#  > Geral >  > Análises Técnicas >  >  Chipset

## lleonardo08

Bom dia amigos, sou um pouco leigo no assunto ainda, mais gostaria que vocês me tirassem uma dúvida. Os nome escritos nos chips, qual sua função? Gostaria de saber as funções mais a fundo. Qual seu verdadeiro valor.
Quando eu for trocar um chipset, eu posso colocar outro modelo? 
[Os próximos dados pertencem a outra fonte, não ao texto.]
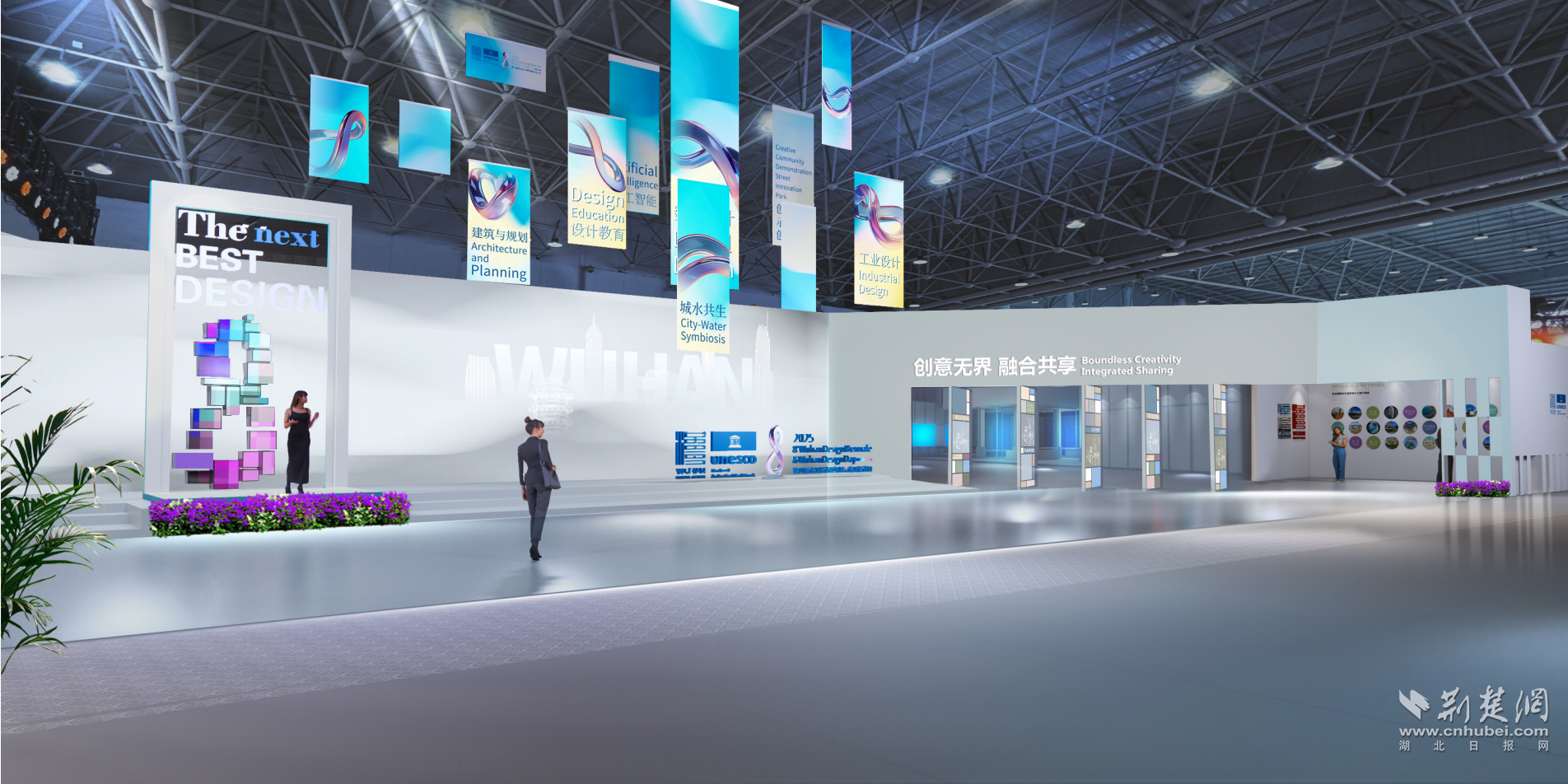 在武漢國際博覽中心,將推出“城水共生智慧設計展”“人工智能創(chuàng)意設計展”“設計教育創(chuàng)新成果展”“數(shù)字創(chuàng)意設計成果展”“工業(yè)設計獲獎作品展”“建筑與規(guī)劃前沿設計展”“創(chuàng)意社區(qū)/街區(qū)/園區(qū)建設成果展”7大主題展區(qū);在沉湖國際小鎮(zhèn)分會場,將推出“國際濕地城市設計展”和“在水一方”國際大師邀請展兩大展覽。同期,精心策劃會議1場開幕式、2場特色活動、6場學術會議、5場平行會議及系列設計成果推介會和設計新品發(fā)布會。

Por favor, me deem uma dica.

Desde já agradeço.

----------


## sphreak

> Bom dia amigos, sou um pouco leigo no assunto ainda, mais gostaria que vocês me tirassem uma dúvida. Os nome escritos nos chips, qual sua função? Gostaria de saber as funções mais a fundo. Qual seu verdadeiro valor.
> Quando eu for trocar um chipset, eu posso colocar outro modelo? 
> 
> Por favor, me deem uma dica.
> 
> Desde já agradeço.


Isso depende muito amigo.. Chipset de que tipo de equipamento??? 
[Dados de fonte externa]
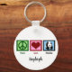 Un oso panda adorable en una plaza azul junto a una señal de paz verde y un corazón rojo en una hermosa cadena de claves animal. Me encantan los pandas lindos.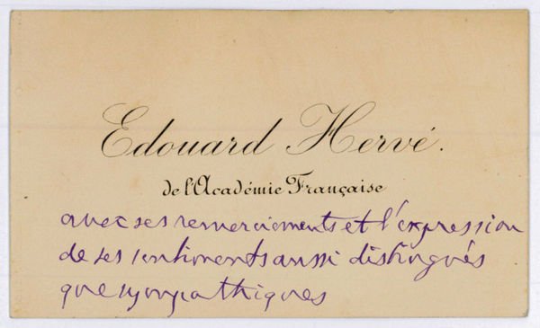 Autograph visiting card. | Libri antichi e moderni | Hervé, Edouard, French Journalist, Historian, And Politician (18, 35-1899).

O número gravado em qualquer componente eletônico serve para identificá-lo, assim como nosso nome ou número de CPF serve para identificar as pessoas.
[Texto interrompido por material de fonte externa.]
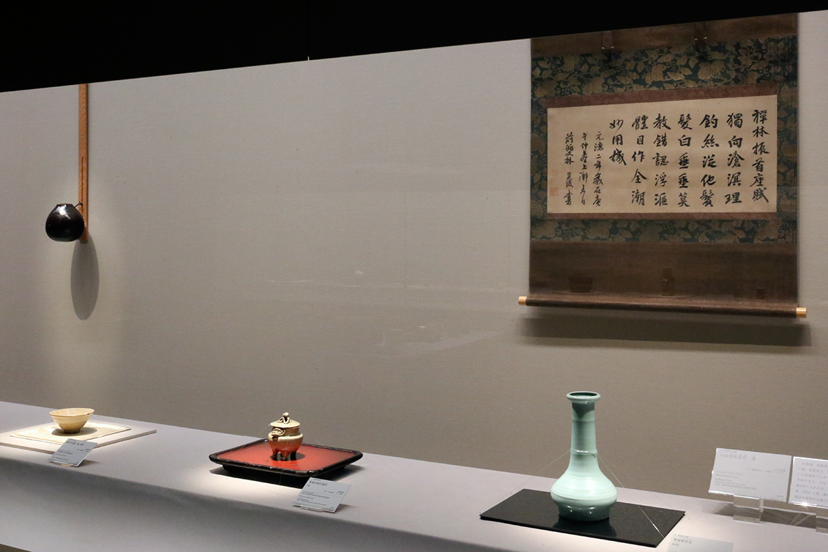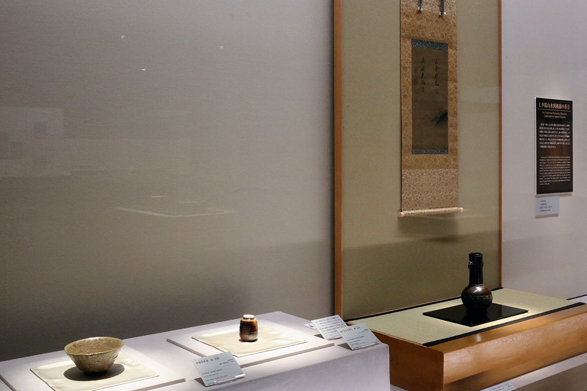 (左から)《伊羅保茶碗 銘 淀屋》 / 《瀬戸正木手茶入 銘 正木》 / 重要文化財《夕陽山水図》馬麟筆・理宗賛 / 《古銅象耳花生》

Chipset é um componente que serve em sua generalidade para fazer o controle de fluxo de dados entre os diversos setores do circuito.
Quanto a substituição, alguns componentes eletronicos (diodos, resistores, transistores, varistores, etc) podem ser substituidos por similares ou compatíveis. Quanto a chipsets não posso afirmar. Geralmente quando há queima ou dano a esse componente no circuito, pode ser decretado a condenação em definitivo do conjunto, devido a dificuldade de substituição e/ou aquisição de componente para reparo. A colocação de chipset diverso pode causar comportamento estranho no equipamento ou ainda a completa inutilização do mesmo.

Sugiro um curso básico de eletrônica, para uma compreensão melhor do assunto.

----------


## sphreak

Outra coisa:

CHIPSET>>


É DIFERENTE DE:

CHIP>>



Que é DIFERENTE DE:

CI-circuito integrado

----------


## lleonardo08

Correto. Eu realmente preciso de um 'Chipset'. Porém só acho com nomes diferentes, e queria ter certeza de que vai dar certo. Ou que eu realmente preciso comprar um idêntico.

----------


## lleonardo08

Esse é o chip do qual estou procurando, porém só acho parecidos.
Como:

----------


## Nilton Nakao

Ileonardo08, normalmente quando queima um chipset precisa trocar a EEPROm(memória) o que não seria uma vantagem por que precisaria instalar um software ficando num custo nada viável; além de ferramentas específicas para substituir os mesmos e programas no PC.
Para roteadores comuns que custam 100 ou menos e até uns 500 não vale a pena a menos que tenha dezenas ou centenas destes queimados.

----------


## sphreak

> Esse é o chip do qual estou procurando, porém só acho parecidos.
> Como:


Esse chipset é muito comum em roteadores e em Nanostations.
Como o colega acima falou, só vale a pena se for reparador e tiver um monte pra trocar.

----------


## rubem

O AR7240 foi um dos mais usados a alguns anos, é fácil de achar FORA das lojas de componentes:

http://produto.mercadolivre.com.br/M...fp128-novo-_JM

Loja de componentes não costuma ter chipset nenhum, mal e mal tem algumas eeproms pra TV's, mas até componentes de monitores as vezes só tem em outros tipo de loja especializada em monitores.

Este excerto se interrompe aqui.